The Broadway production, like the City Center production, will star Joshua Henry as Coalhouse Walker Jr., an African American pianist; Caissie Levy as Mother, the matriarch of an affluent white family; and Brandon Uranowitz as Tateh, a Jewish immigrant. The intersection of those individuals and their communities, with each other and with the history of the United States, drives a complex plot of intertwined narratives that touch on North Pole exploration, early filmmaking, the labor movement, Houdini’s escapades, and, of course, ragtime music.
The musical is among the best-known and most acclaimed works from the longtime collaborators Lynn Ahrens, who wrote the lyrics, and Stephen Flaherty, who wrote the music. The book is by Terrence McNally, an acclaimed playwright who died in 2020 at the start of the coronavirus pandemic.
DeBessonet, who grew up in Louisiana, said she had seen the original “Ragtime” production when she was a teenager on a trip to New York City, and that she was taken by its emotional complexity. As she considered how to begin her tenure at Lincoln Center Theater, she said, “Starting with a story that happens at the intersection of the personal and the epic feels exactly right.”
She added: “I also feel like it would be remiss to not talk about this show and this moment in America. I cannot know what might be happening when we open, but from the beginning my thesis has been that this show holds the promise and the wound of America, and we are right inside the coexistence of those realities.”

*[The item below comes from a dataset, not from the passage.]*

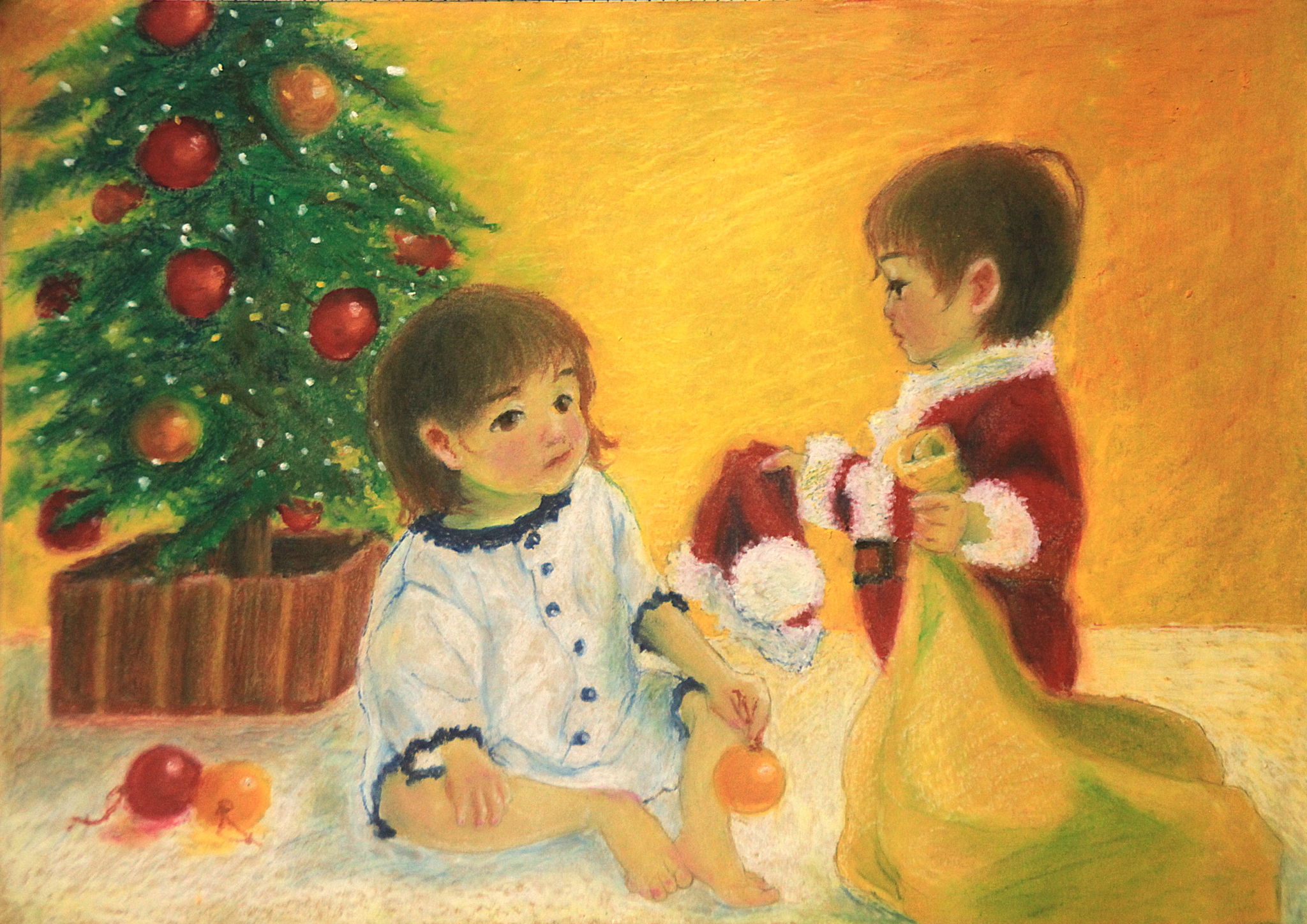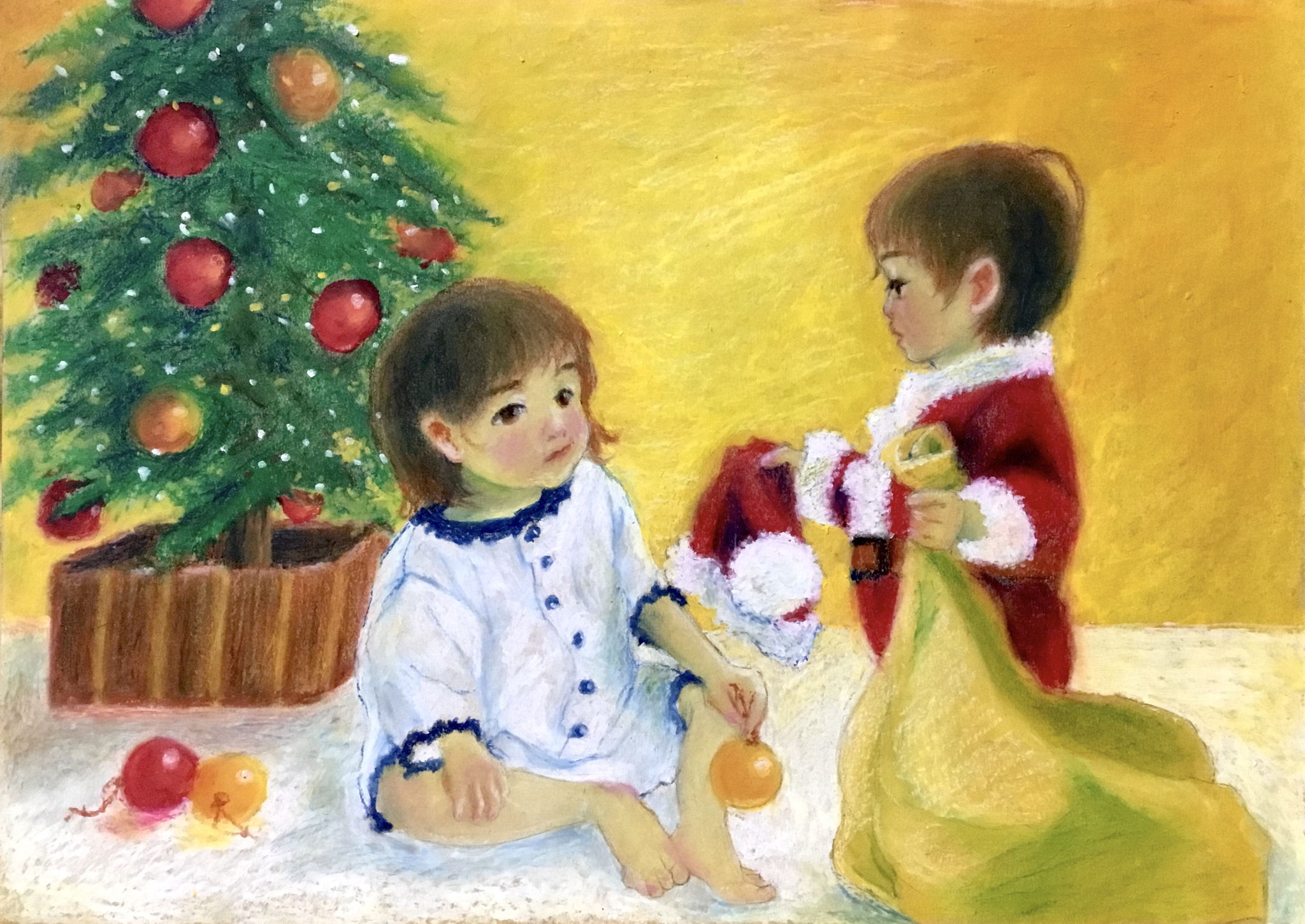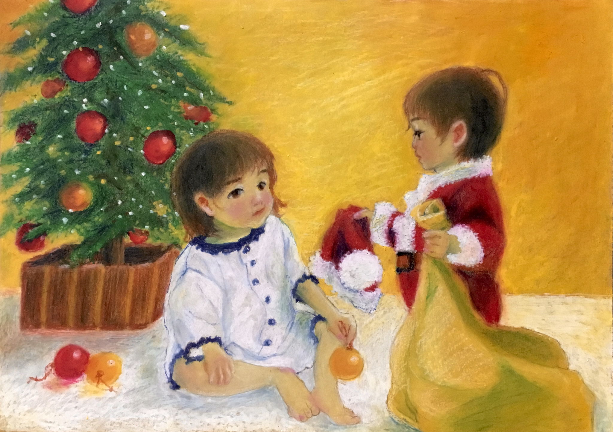 クリスマスに忙しいサンタさんのお手伝いをしたい男の子は、自分もサンタクロースの格好をして、お姉ちゃんにもお手伝いを頼もうと、サンタクロースの帽子を手渡しします。自分の子供をモデルに、クリスマスの優しい一コマを描いてみました。子供って、頼んでもいないのに、なぜか大人のお手伝いをしたがるんですよね。

DeBessonet said the Lincoln Center Theater production would be large-scale, with 33 onstage actors and a 28-piece orchestra, and a physical production that will be more elaborate than that at City Center, where the stage is less deep and the run was shorter. “We’re not translating to a naturalistic set, trying to depict every location in the show,” she said, “but the staging and the design have to evolve to meet the space.”